• [Directions for this task] The lines you should transcribe are those from the one containing "Elevate your summer" to the end of the listing below, exactly, with pictures left out.

• [Dataset excerpt]
Segment Open

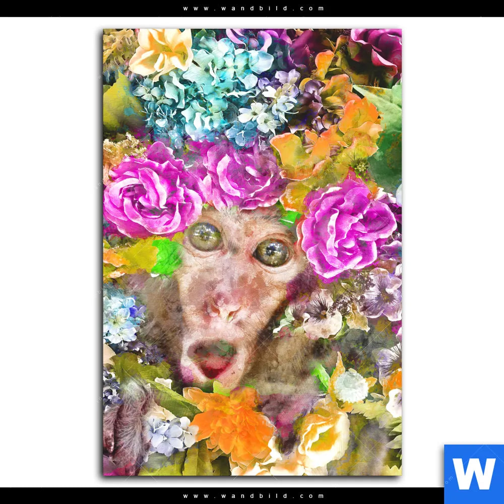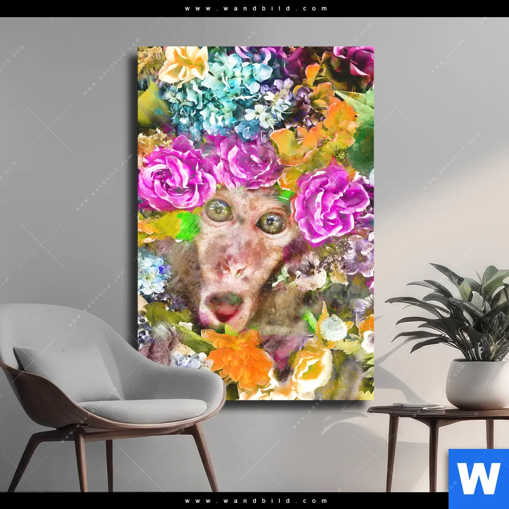 Leinwandbild | Äffchen & Blumen | Hochformat
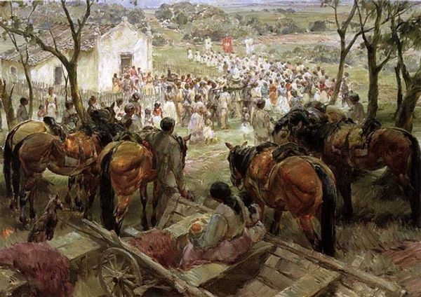 Editor: So, here we have Giovanni Fattori's oil painting, "Mary Stuart at Crookstone," created in 1861. It's a large piece and the dark figures really create a sense of foreboding, set against the backdrop of what seems to be a battlefield. What is your read on this artwork? Curator: It's important to consider the political climate in which Fattori was painting this. Italy, during the Risorgimento, was grappling with its own national identity and longing for unification. Paintings of historical figures, such as Mary Stuart, served as potent allegories. How might Mary's story of betrayal and exile resonate with the Italian experience? Editor: I guess it mirrors their struggles for independence and freedom? Mary Stuart's story wasn't Italian, so what made her a relevant figure? Curator: Exactly. The Italian public were very familiar with Romantic interpretations of Mary's plight. Fattori positions Mary not just as a queen, but also as a symbol of resilience in the face of adversity. He portrays a scene steeped in drama and rife with potential socio-political subtext. Considering the staging, what public impact do you think Fattori was trying to elicit through the dramatic landscape and military entourage? Editor: Perhaps, evoking sympathy while implicitly encouraging Italians to identify with her fight? I can see that a bit clearer now. Curator: Precisely. And remember that public displays of art are a statement in themselves. It can stir feelings about authority and collective memory. Editor: Fascinating! Seeing this artwork through the lens of Italian history provides so much context that I was completely missing before. Curator: Yes, it demonstrates how even historical dramas can speak volumes about the present, offering an artist a chance to make an appeal to the consciousness of an audience.
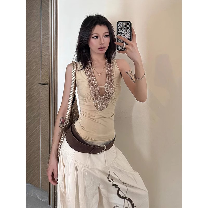 Elevate your summer wardrobe with the American Retro Sleeveless Spicy Girl Tank Top, designed for a chic, slim fit that hugs your curves in all the right places. This trendy Y2K style features eye-catching sequins that add a touch of sparkle, making it perfect for both casual outings and night adventures. Stay stylish and comfortable as you embrace the season—add this must-have tank top to your cart today!
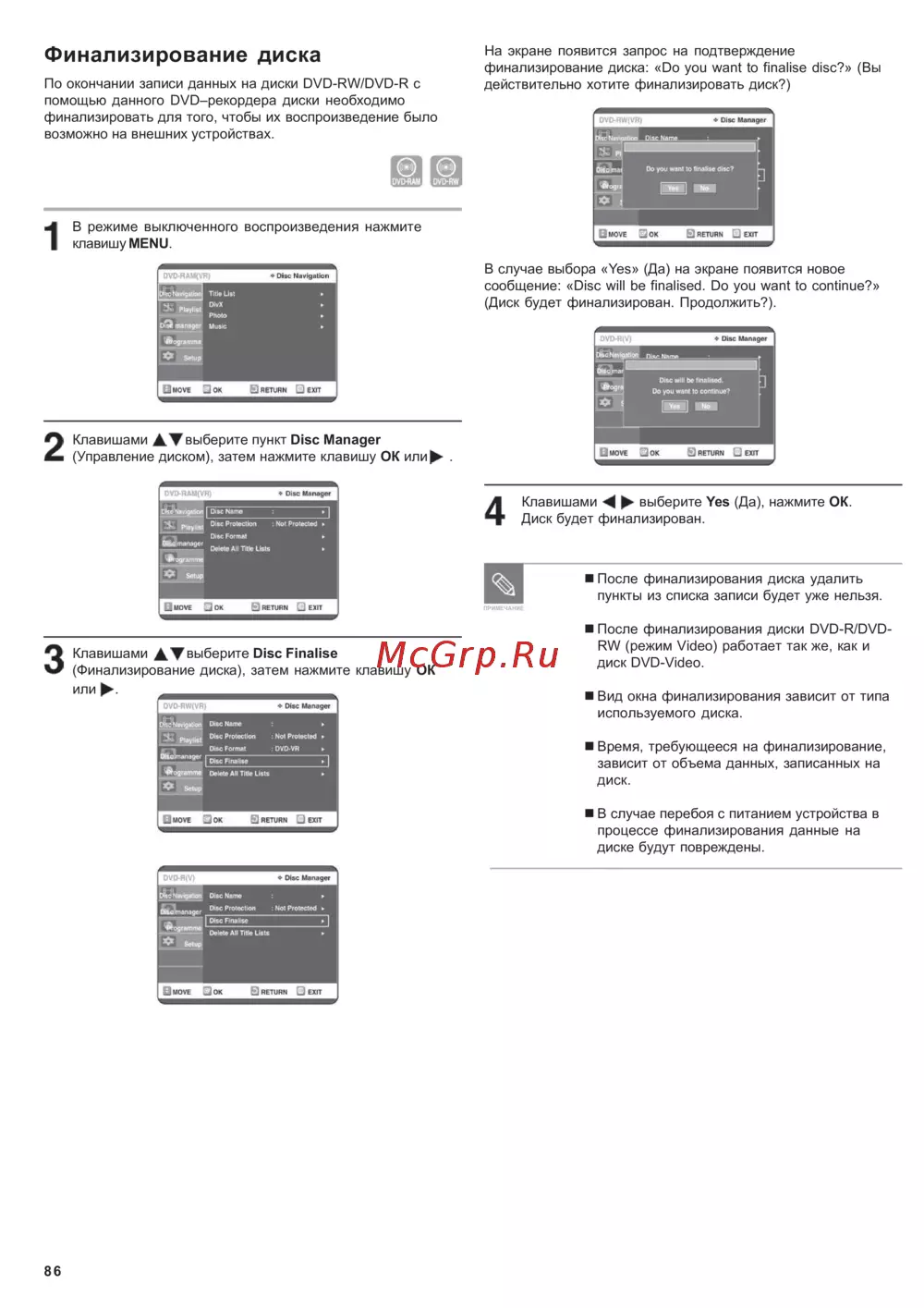 Финализирование диска По окончании записи данных на диски D D RW DVD R с помощью данного ОУО рекордера диски необходимо финализировать для того чтобы их воспроизведение было возможно на внешних устройствах На экране появится запрос на подтверждение финализирование диска Do you want to finalise dis действительно хотите финализировать диск В режиме выключенного воспроизведения нажмите клавишуМЕМи 1 2 В случае выбора Yes Да на экране появится но сообщение Disc will be finalised Do you want to co Диск будет финализирован Продолжить Клавишами АТвыберите пункт Disc Manager Управление диском затем нажмите клавишу ОК или 4 Клавишами выберите Yes Да нажмите Диск будет финализирован После финализирования диска у пункты из списка записи будет уж 3 Клавишами АТ выберите Disc Finalise Финализирование диска затем нажмите клавишу ОК или После финализирования диски D RW режим Video работает так ж диск DVD Video Вид окна финализирования зави используемого диска Время требующееся на финализ зависит от объема данных запис диск В случае перебоя с питанием уст процессе финализирования данн диске будут повреждены 86

Segment Closed

• [Exercise output]
 Elevate your summer wardrobe with the American Retro Sleeveless Spicy Girl Tank Top, designed for a chic, slim fit that hugs your curves in all the right places. This trendy Y2K style features eye-catching sequins that add a touch of sparkle, making it perfect for both casual outings and night adventures. Stay stylish and comfortable as you embrace the season—add this must-have tank top to your cart today!
 Финализирование диска По окончании записи данных на диски D D RW DVD R с помощью данного ОУО рекордера диски необходимо финализировать для того чтобы их воспроизведение было возможно на внешних устройствах На экране появится запрос на подтверждение финализирование диска Do you want to finalise dis действительно хотите финализировать диск В режиме выключенного воспроизведения нажмите клавишуМЕМи 1 2 В случае выбора Yes Да на экране появится но сообщение Disc will be finalised Do you want to co Диск будет финализирован Продолжить Клавишами АТвыберите пункт Disc Manager Управление диском затем нажмите клавишу ОК или 4 Клавишами выберите Yes Да нажмите Диск будет финализирован После финализирования диска у пункты из списка записи будет уж 3 Клавишами АТ выберите Disc Finalise Финализирование диска затем нажмите клавишу ОК или После финализирования диски D RW режим Video работает так ж диск DVD Video Вид окна финализирования зави используемого диска Время требующееся на финализ зависит от объема данных запис диск В случае перебоя с питанием уст процессе финализирования данн диске будут повреждены 86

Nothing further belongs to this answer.